# Supplied information:
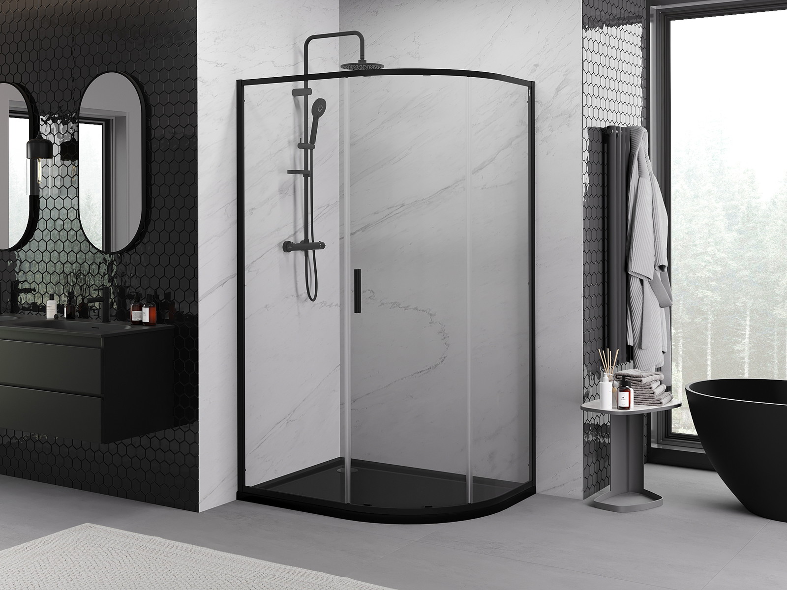 Produktą, atsižvelgiant į poreikius, galima sumontuoti tiek ant dušo padėklo, tiek tiesiogiai ant grindų. Universalus montavimo būdas leidžia pritaikyti produktą įvairių tipų vonios kambariams ir erdvės konfigūracijoms.
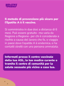 Ma il metodo di prevenzione più sicuro è il vaccino. Si somministra in due dosi a distanza di 6 mesi. Può essere gratuito, ma varia da Regione a Regione, per chi è consideratə a rischio a causa del lavoro che fa, o perché viaggia in paesi dove l’epatite A è endemica, o perché ha contatti stretti con una persona ammalata. Ci si può informare presso il centro vaccinale della propria ASL o presso lə propriə medicə curante.
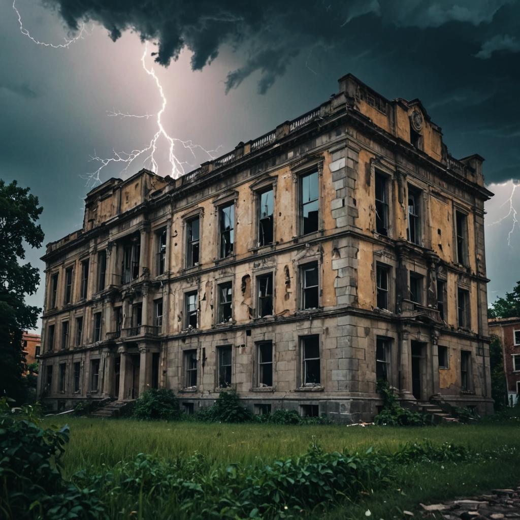 Beneath stormy clouds, an old apartment building stands, its weathered walls and worn-out windows telling tales of neglect. Short grass carpets the lawn, a patchwork of green amidst the urban decay. Lightning pierces the darkness, casting eerie shadows across the scene. In this desolate setting, the clash of elements mirrors the building’s own battle against time and neglect, each flash of lightning illuminating its silent struggle against the relentless march of decay.
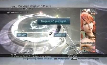 Final Fantasy XIII ist das zweite Spiel der Reihe nach Final Fantasy II, das auf Erfahrungspunkte und ein Levelsystem bei den Charakteren verzichtet. Stattdessen erlernen die Charaktere neue Fähigkeiten im Kristarium, welches spielerisch wie das Sphärobrett aus Final Fantasy X oder das Lizenzbrett aus Final Fantasy XII funktioniert. Es existiert für jeden Charakter ein eigenes Kristarium mit den sechs Hauptrollen Brecher, Verheerer, Verteidiger, Manipulator, Augmentor und Heiler. Entlang seiner zur Verfügung stehenden Rollen kann ein Charakter hier seine Kristallpunkte (KP) einsetzen, um für die gewünschte Rolle neue Fähigkeiten zu erwerben. Auch Verbesserungen der Angriffs- und Zauberwerte sowie Erhöhungen der Trefferpunkte werden hier vorgenommen.
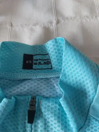 Maillot de ciclismo Bianchi en talla L. Diseño moderno en color celeste con detalles en negro. - Cremallera frontal completa. - Mangas cortas. - Tejido transpirable.
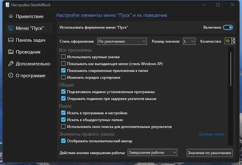 Работа с StartAllBack
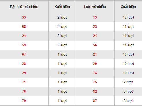 Quan sát bảng thống kê các cặp loto về nhiều trên đây của XSCT ta thấy, bộ số 13 đang dẫn đầu bảng với 12 lần xuất hiện, ngày về gần đây nhất vào ngày 27/08/2016. Tiếp theo đó là các bộ 23, 24, và 56 đều cùng sở hữu 11 lần về. Có 3 bộ số đều có 10 lần xuất hiện đó là 21, 29 và 74. Xếp chót cuối bảng là các bộ 75, 82 và 87 cùng với 9 lần xuất hiện trong 30 ngày gần đây nhất.
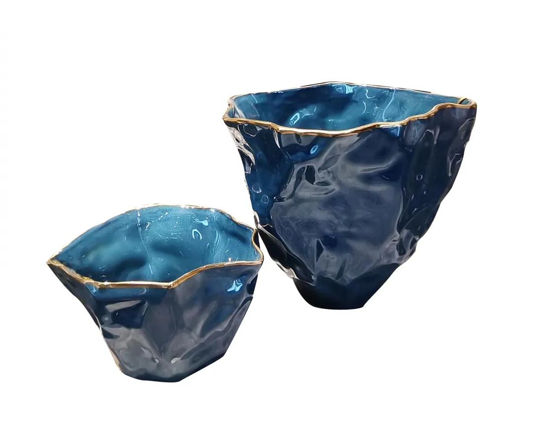 器口形狀各異,摒棄了傳統(tǒng)陶藝的方圓設(shè)計,引領(lǐng)中西結(jié)合陶藝的時尚特性,金邊鑲嵌,運用瓷器染色工藝,由深至淺洗染,以分明暗轉(zhuǎn)折。
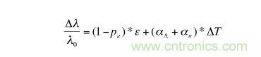 右邊加號前的第一個表示式表示的是應變的變化對反射波長的影響。其中pe是應變光學靈敏系數,而ε是光柵所受到應變影響。加號后面的第二個表達式表示的是溫度的變化對波長造成的影響。其中αΛ是熱膨脹系數而αn是溫度光學靈敏系數。αn體現了光折射率因為溫度變化造成的影響而αΛ體現了同樣的溫度變化造成的光柵周期的改變。
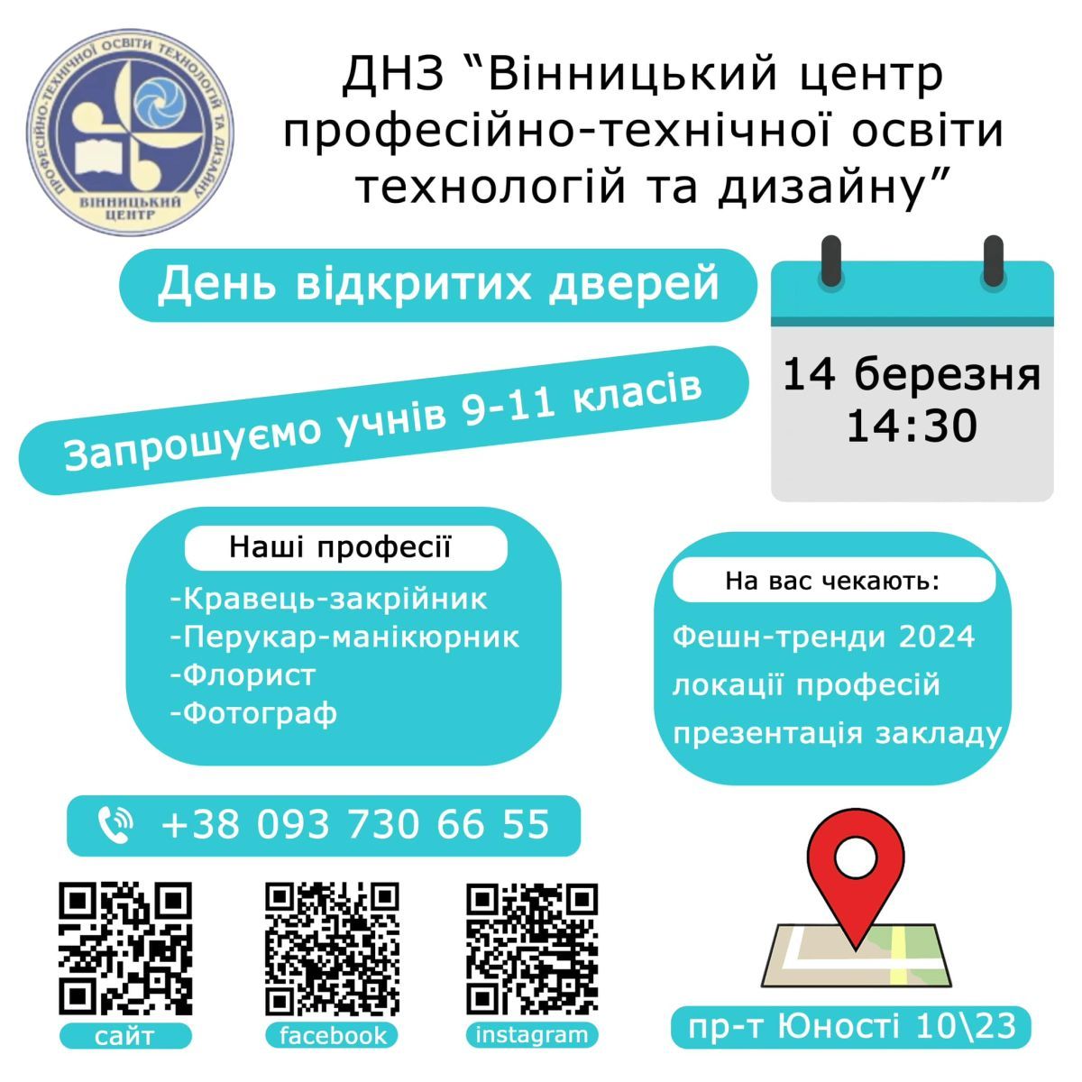 ЗАПРОШУЄМО НА НАВЧАННЯ ДО ВІННИЦЬКОГО ЦЕНТРУ ПРОФЕСІЙНО-ТЕХНІЧНОЇ ОСВІТИ ТЕХНОЛОГІЙ ТА ДИЗАЙНУ!
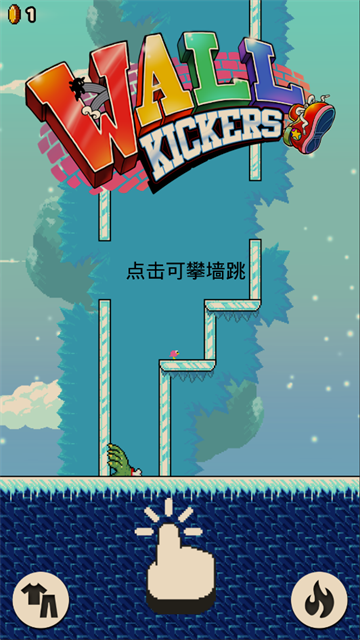 wall kickers是一款以贴墙跳为机制的动作闯关游戏,也可以译为“爬墙者”,而且相比忍龙等游戏而言,wall kickers操作较为简单,玩家仅需扮演一位攀爬者,通过点击屏幕即可控制角色跳跃,灵活的翻滚、跳跃来不断地进行突破,通过不断地向上攀岩来得到更高的游戏分数,躲避不同的陷阱以及飞鸟,避免被形形色色的陷阱困住攀爬的道路。
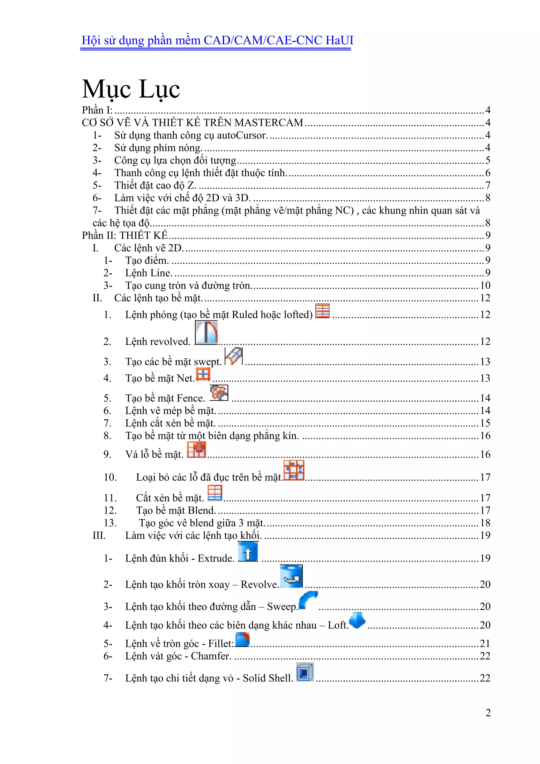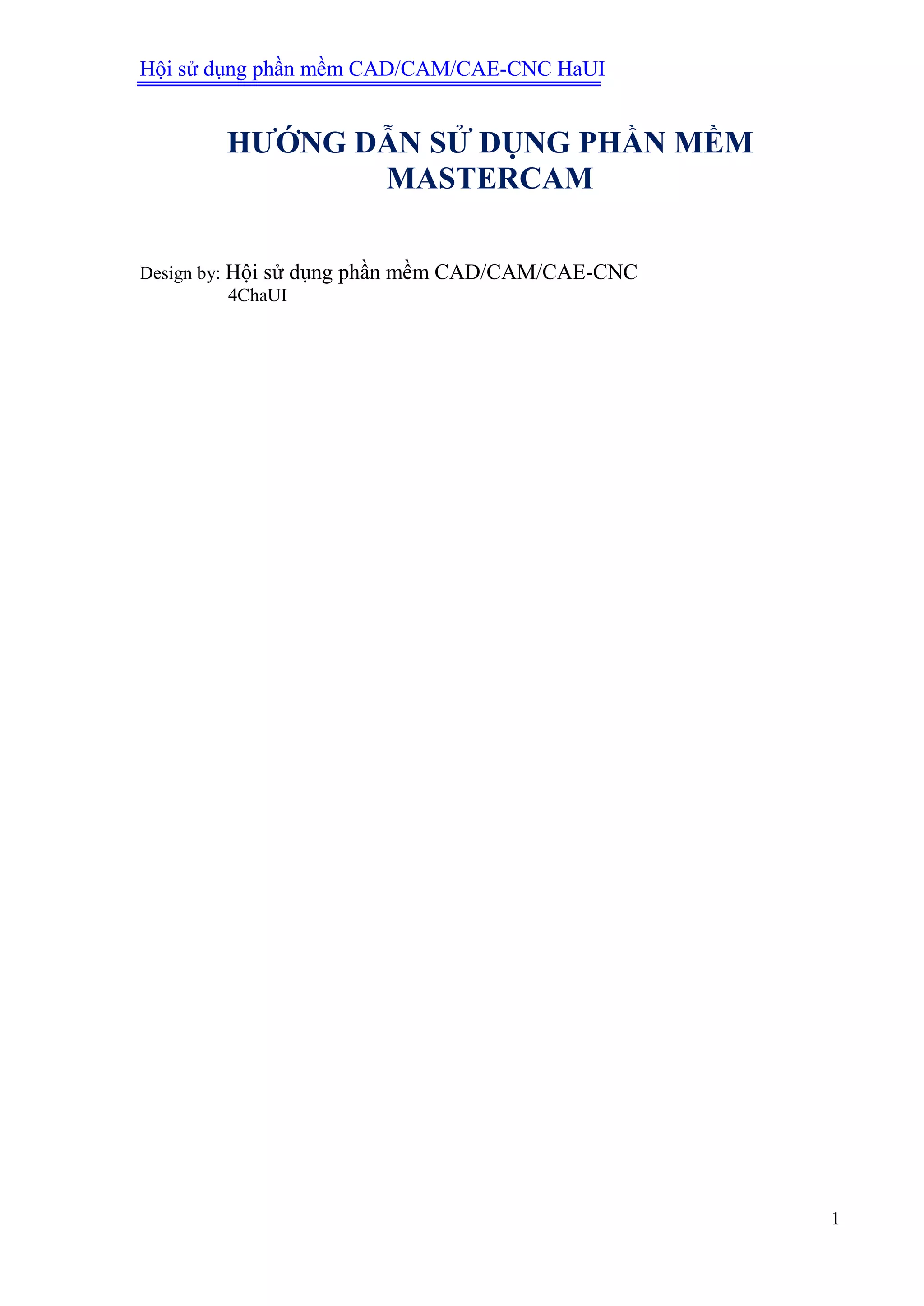 Tài liệu hướng dẫn sử dụng phần mềm Mastercam dành cho việc thiết kế và lập trình gia công CNC, cung cấp các công cụ và lệnh cơ bản để vẽ 2D, tạo bề mặt và khối. Nó bao gồm các phần như thiết lập thuộc tính, làm việc với cao độ Z, và cách lập trình CNC chi tiết. Tài liệu này còn chứa hướng dẫn về cách sử dụng thanh công cụ và các phím tắt hữu ích trong Mastercam.
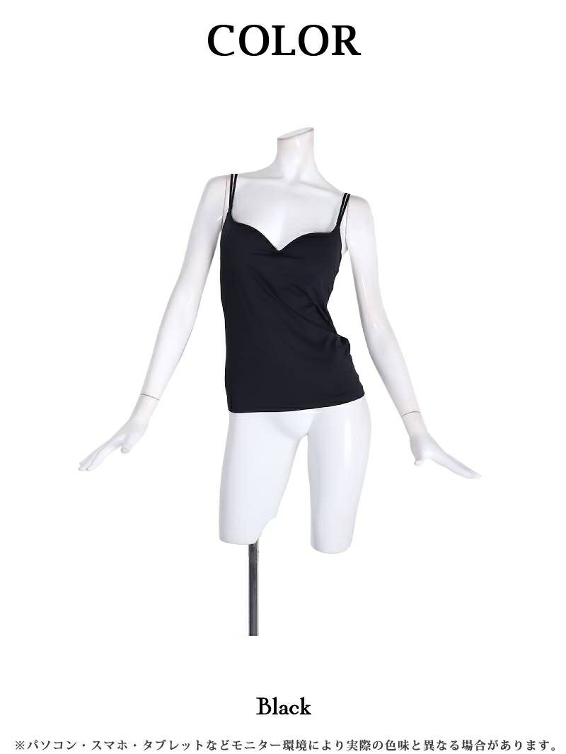 Sexyな背中&谷間で魅せるインナー Sexy谷間見せダブルストラップキャミソール OEO【Ryuyu】(S/M/L/XL)(ブラック)

# Activity:
Only an exact copy is wanted: the lines from the opening of the material through the line that has "Работа с StartAllBack", minus any pictures.

# Solution to this problem:
 Produktą, atsižvelgiant į poreikius, galima sumontuoti tiek ant dušo padėklo, tiek tiesiogiai ant grindų. Universalus montavimo būdas leidžia pritaikyti produktą įvairių tipų vonios kambariams ir erdvės konfigūracijoms.
 Ma il metodo di prevenzione più sicuro è il vaccino. Si somministra in due dosi a distanza di 6 mesi. Può essere gratuito, ma varia da Regione a Regione, per chi è consideratə a rischio a causa del lavoro che fa, o perché viaggia in paesi dove l’epatite A è endemica, o perché ha contatti stretti con una persona ammalata. Ci si può informare presso il centro vaccinale della propria ASL o presso lə propriə medicə curante.
 Beneath stormy clouds, an old apartment building stands, its weathered walls and worn-out windows telling tales of neglect. Short grass carpets the lawn, a patchwork of green amidst the urban decay. Lightning pierces the darkness, casting eerie shadows across the scene. In this desolate setting, the clash of elements mirrors the building’s own battle against time and neglect, each flash of lightning illuminating its silent struggle against the relentless march of decay.
 Final Fantasy XIII ist das zweite Spiel der Reihe nach Final Fantasy II, das auf Erfahrungspunkte und ein Levelsystem bei den Charakteren verzichtet. Stattdessen erlernen die Charaktere neue Fähigkeiten im Kristarium, welches spielerisch wie das Sphärobrett aus Final Fantasy X oder das Lizenzbrett aus Final Fantasy XII funktioniert. Es existiert für jeden Charakter ein eigenes Kristarium mit den sechs Hauptrollen Brecher, Verheerer, Verteidiger, Manipulator, Augmentor und Heiler. Entlang seiner zur Verfügung stehenden Rollen kann ein Charakter hier seine Kristallpunkte (KP) einsetzen, um für die gewünschte Rolle neue Fähigkeiten zu erwerben. Auch Verbesserungen der Angriffs- und Zauberwerte sowie Erhöhungen der Trefferpunkte werden hier vorgenommen.
 Maillot de ciclismo Bianchi en talla L. Diseño moderno en color celeste con detalles en negro. - Cremallera frontal completa. - Mangas cortas. - Tejido transpirable.
 Работа с StartAllBack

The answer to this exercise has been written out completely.